== PROBLEM TO SOLVE ==
Return the lines of the listing below exactly as they appear, beginning at the one with "The first smart" and stopping after the one with "Acest set de"; do not include pictures.

== MATERIAL SUPPLIED ==
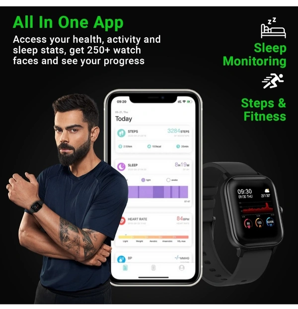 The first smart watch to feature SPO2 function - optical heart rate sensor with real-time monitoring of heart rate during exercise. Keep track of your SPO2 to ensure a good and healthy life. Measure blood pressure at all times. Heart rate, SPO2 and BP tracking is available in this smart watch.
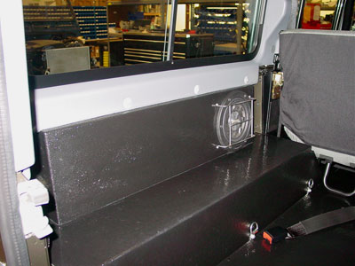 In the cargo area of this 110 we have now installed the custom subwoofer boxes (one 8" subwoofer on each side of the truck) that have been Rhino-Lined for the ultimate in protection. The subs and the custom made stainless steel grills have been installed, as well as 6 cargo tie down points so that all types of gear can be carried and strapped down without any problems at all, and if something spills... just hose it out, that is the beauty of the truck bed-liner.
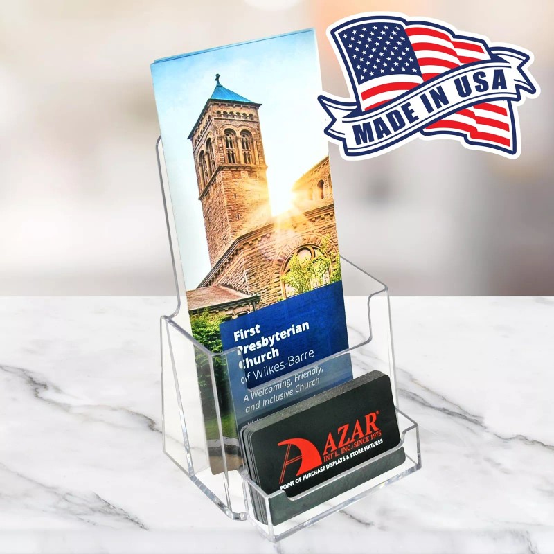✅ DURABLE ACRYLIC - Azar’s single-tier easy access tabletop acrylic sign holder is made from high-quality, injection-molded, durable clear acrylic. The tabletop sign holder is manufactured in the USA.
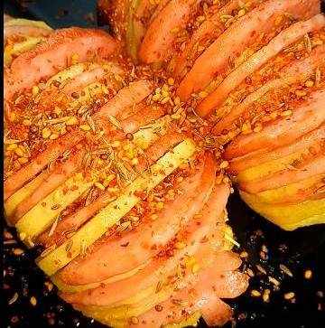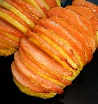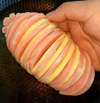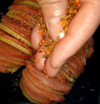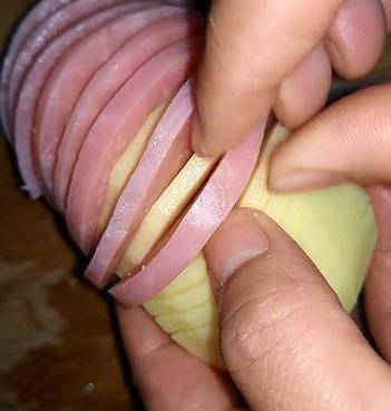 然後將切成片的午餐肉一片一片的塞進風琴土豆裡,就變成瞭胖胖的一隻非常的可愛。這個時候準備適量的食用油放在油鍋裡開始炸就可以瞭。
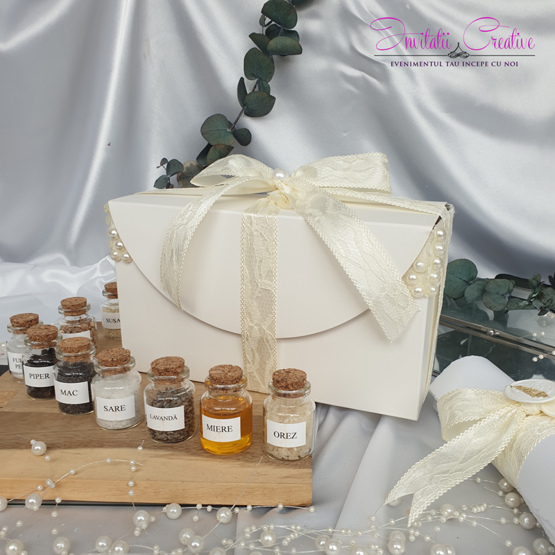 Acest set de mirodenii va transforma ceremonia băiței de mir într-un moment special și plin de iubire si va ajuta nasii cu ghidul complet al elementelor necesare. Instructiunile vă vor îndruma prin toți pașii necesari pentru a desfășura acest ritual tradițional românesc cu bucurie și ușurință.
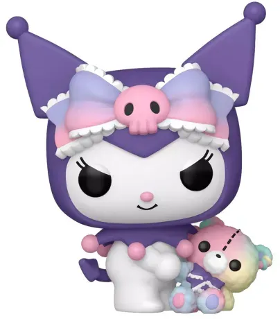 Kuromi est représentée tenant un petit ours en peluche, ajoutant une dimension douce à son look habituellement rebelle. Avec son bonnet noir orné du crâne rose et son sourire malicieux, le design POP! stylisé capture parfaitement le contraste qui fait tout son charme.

* * *

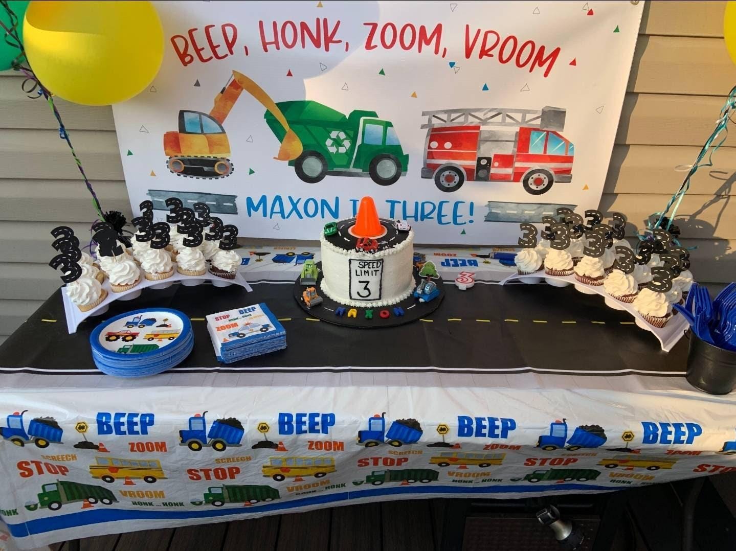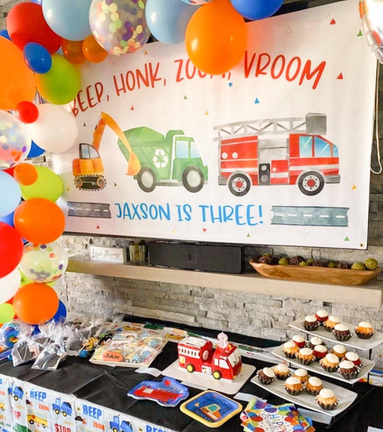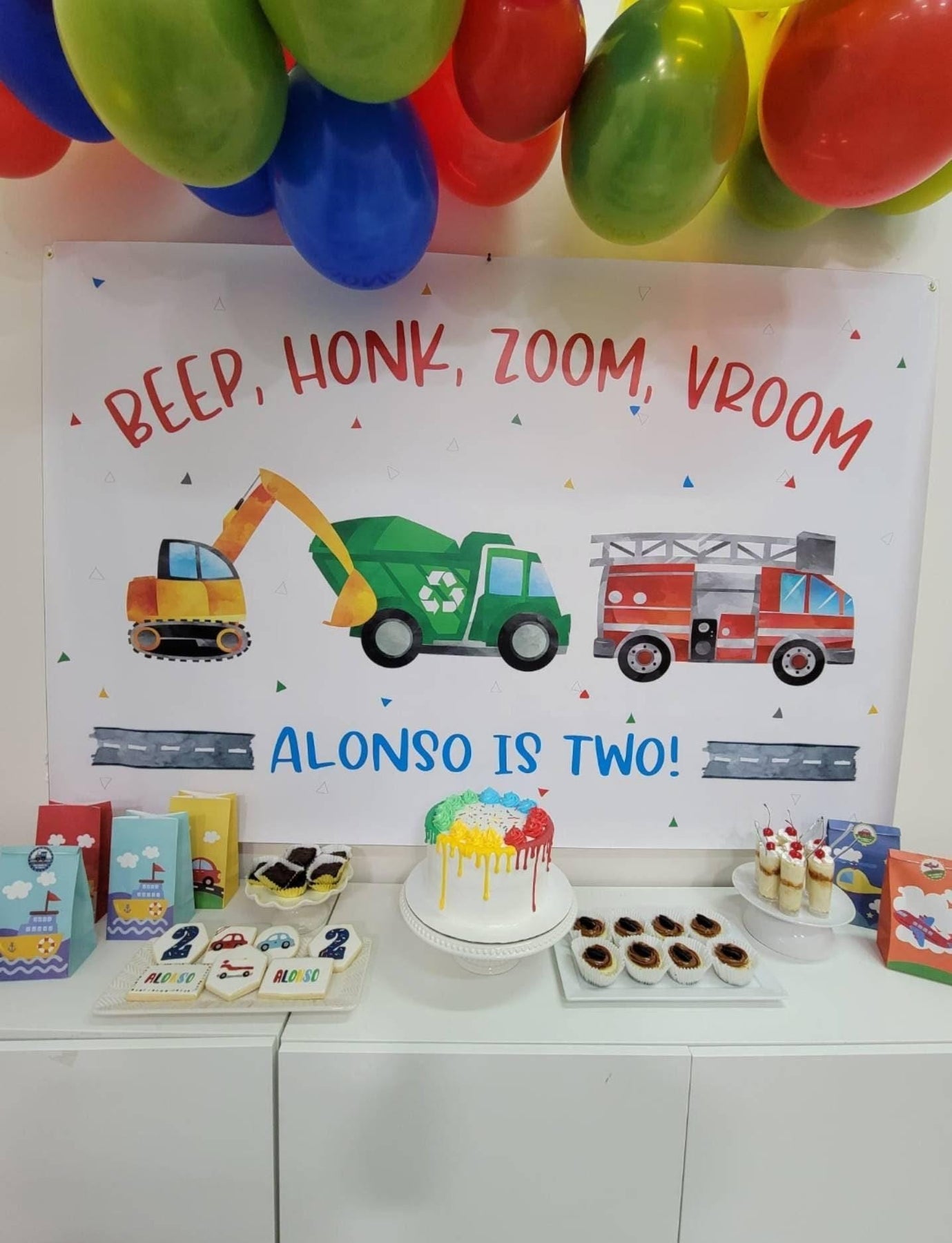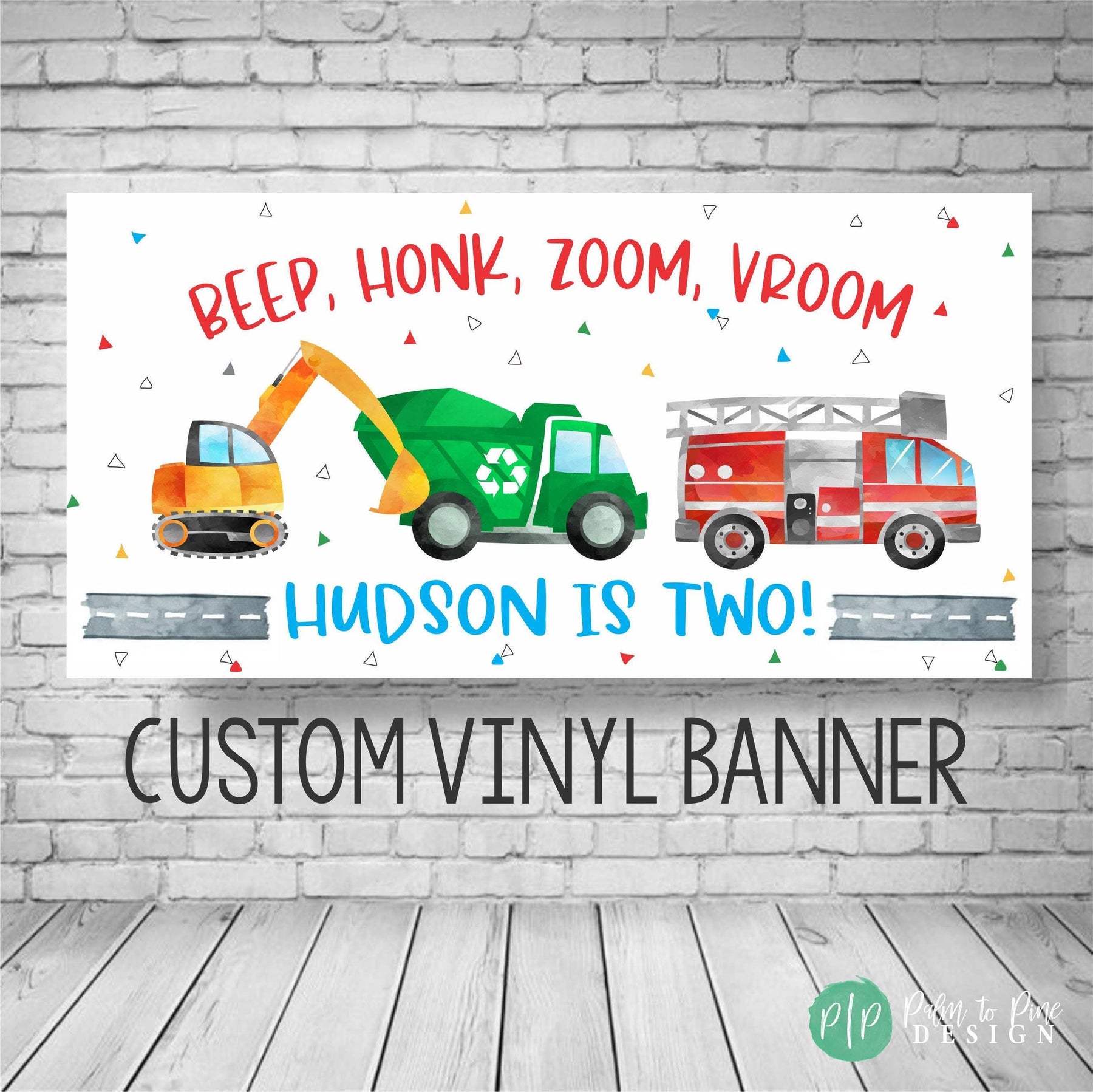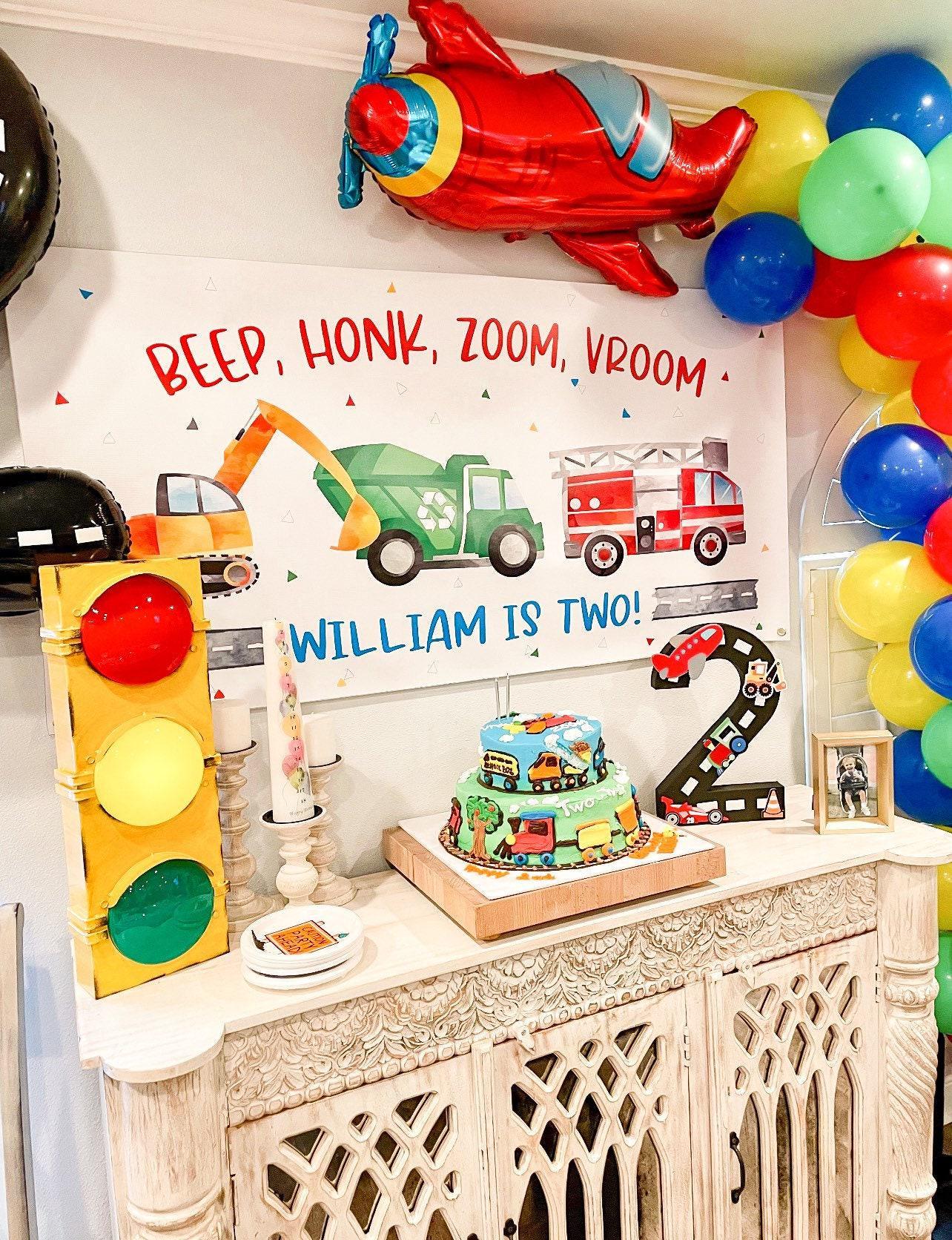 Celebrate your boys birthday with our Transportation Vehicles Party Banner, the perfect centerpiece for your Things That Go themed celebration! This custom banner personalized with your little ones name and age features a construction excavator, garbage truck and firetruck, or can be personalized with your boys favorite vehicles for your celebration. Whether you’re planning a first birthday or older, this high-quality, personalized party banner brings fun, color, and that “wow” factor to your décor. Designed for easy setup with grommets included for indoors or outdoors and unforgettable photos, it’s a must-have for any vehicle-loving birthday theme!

---

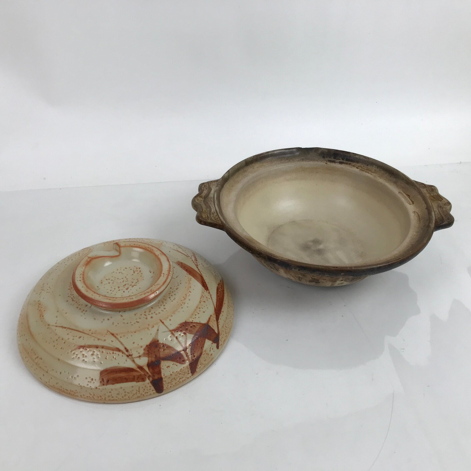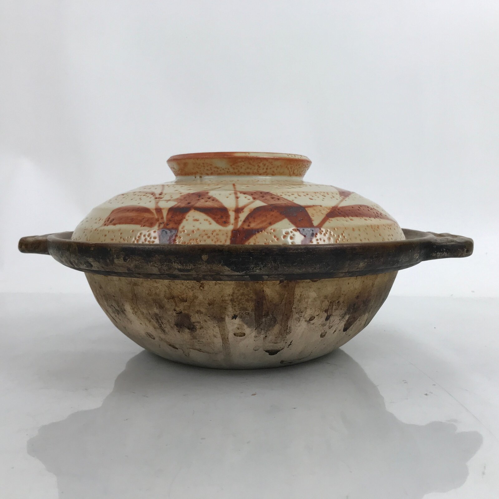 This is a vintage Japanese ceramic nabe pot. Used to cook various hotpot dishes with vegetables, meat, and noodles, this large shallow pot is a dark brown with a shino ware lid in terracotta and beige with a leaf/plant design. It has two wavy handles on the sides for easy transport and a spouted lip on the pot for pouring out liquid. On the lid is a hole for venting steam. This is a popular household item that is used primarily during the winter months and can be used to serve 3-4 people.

== SOLUTION BELOW ==
 The first smart watch to feature SPO2 function - optical heart rate sensor with real-time monitoring of heart rate during exercise. Keep track of your SPO2 to ensure a good and healthy life. Measure blood pressure at all times. Heart rate, SPO2 and BP tracking is available in this smart watch.
 In the cargo area of this 110 we have now installed the custom subwoofer boxes (one 8" subwoofer on each side of the truck) that have been Rhino-Lined for the ultimate in protection. The subs and the custom made stainless steel grills have been installed, as well as 6 cargo tie down points so that all types of gear can be carried and strapped down without any problems at all, and if something spills... just hose it out, that is the beauty of the truck bed-liner.
✅ DURABLE ACRYLIC - Azar’s single-tier easy access tabletop acrylic sign holder is made from high-quality, injection-molded, durable clear acrylic. The tabletop sign holder is manufactured in the USA.
 然後將切成片的午餐肉一片一片的塞進風琴土豆裡,就變成瞭胖胖的一隻非常的可愛。這個時候準備適量的食用油放在油鍋裡開始炸就可以瞭。
 Acest set de mirodenii va transforma ceremonia băiței de mir într-un moment special și plin de iubire si va ajuta nasii cu ghidul complet al elementelor necesare. Instructiunile vă vor îndruma prin toți pașii necesari pentru a desfășura acest ritual tradițional românesc cu bucurie și ușurință.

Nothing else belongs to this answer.